§ Supplied entries
+++

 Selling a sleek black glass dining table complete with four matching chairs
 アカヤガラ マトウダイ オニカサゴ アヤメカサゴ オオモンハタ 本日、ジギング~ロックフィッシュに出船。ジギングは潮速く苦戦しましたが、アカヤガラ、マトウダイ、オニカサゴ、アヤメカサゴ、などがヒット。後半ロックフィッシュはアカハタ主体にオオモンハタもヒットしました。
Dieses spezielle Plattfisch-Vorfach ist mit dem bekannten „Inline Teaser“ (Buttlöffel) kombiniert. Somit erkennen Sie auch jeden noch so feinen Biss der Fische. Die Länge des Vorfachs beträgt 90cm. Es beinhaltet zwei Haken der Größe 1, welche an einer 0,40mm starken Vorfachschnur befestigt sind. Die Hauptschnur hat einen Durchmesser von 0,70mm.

+++

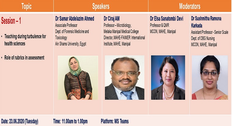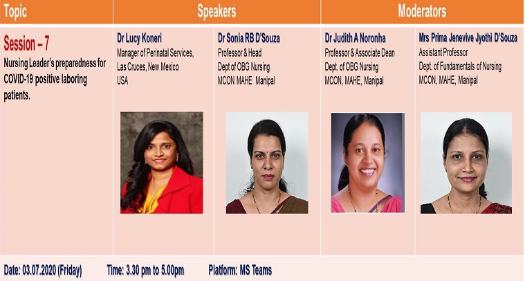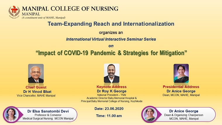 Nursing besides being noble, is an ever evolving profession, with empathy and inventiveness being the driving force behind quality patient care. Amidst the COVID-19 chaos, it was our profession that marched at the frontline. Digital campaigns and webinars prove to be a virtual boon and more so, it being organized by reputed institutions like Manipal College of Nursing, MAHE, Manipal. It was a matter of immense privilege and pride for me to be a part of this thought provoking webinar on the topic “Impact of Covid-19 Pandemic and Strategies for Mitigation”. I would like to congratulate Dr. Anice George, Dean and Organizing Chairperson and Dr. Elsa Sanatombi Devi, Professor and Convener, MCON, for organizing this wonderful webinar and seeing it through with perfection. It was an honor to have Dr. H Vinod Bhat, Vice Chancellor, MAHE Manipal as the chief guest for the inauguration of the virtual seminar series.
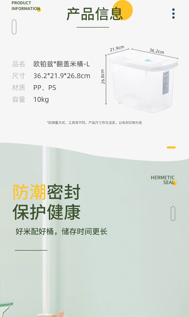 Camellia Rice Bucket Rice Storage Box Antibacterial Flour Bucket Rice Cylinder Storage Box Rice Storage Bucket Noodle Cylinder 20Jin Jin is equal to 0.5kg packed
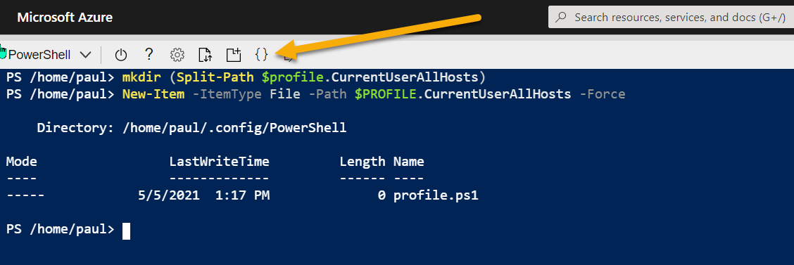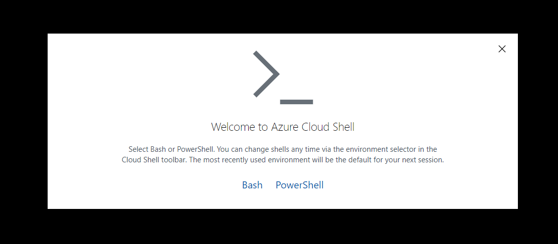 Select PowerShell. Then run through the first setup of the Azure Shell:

+++

§ Aim of the exercise
With pictures excluded, reproduce exactly the lines above from the one containing "Camellia Rice Bucket" down to the one containing "Select PowerShell. Then", those two included.

§ The answer
 Camellia Rice Bucket Rice Storage Box Antibacterial Flour Bucket Rice Cylinder Storage Box Rice Storage Bucket Noodle Cylinder 20Jin Jin is equal to 0.5kg packed
 Select PowerShell. Then run through the first setup of the Azure Shell:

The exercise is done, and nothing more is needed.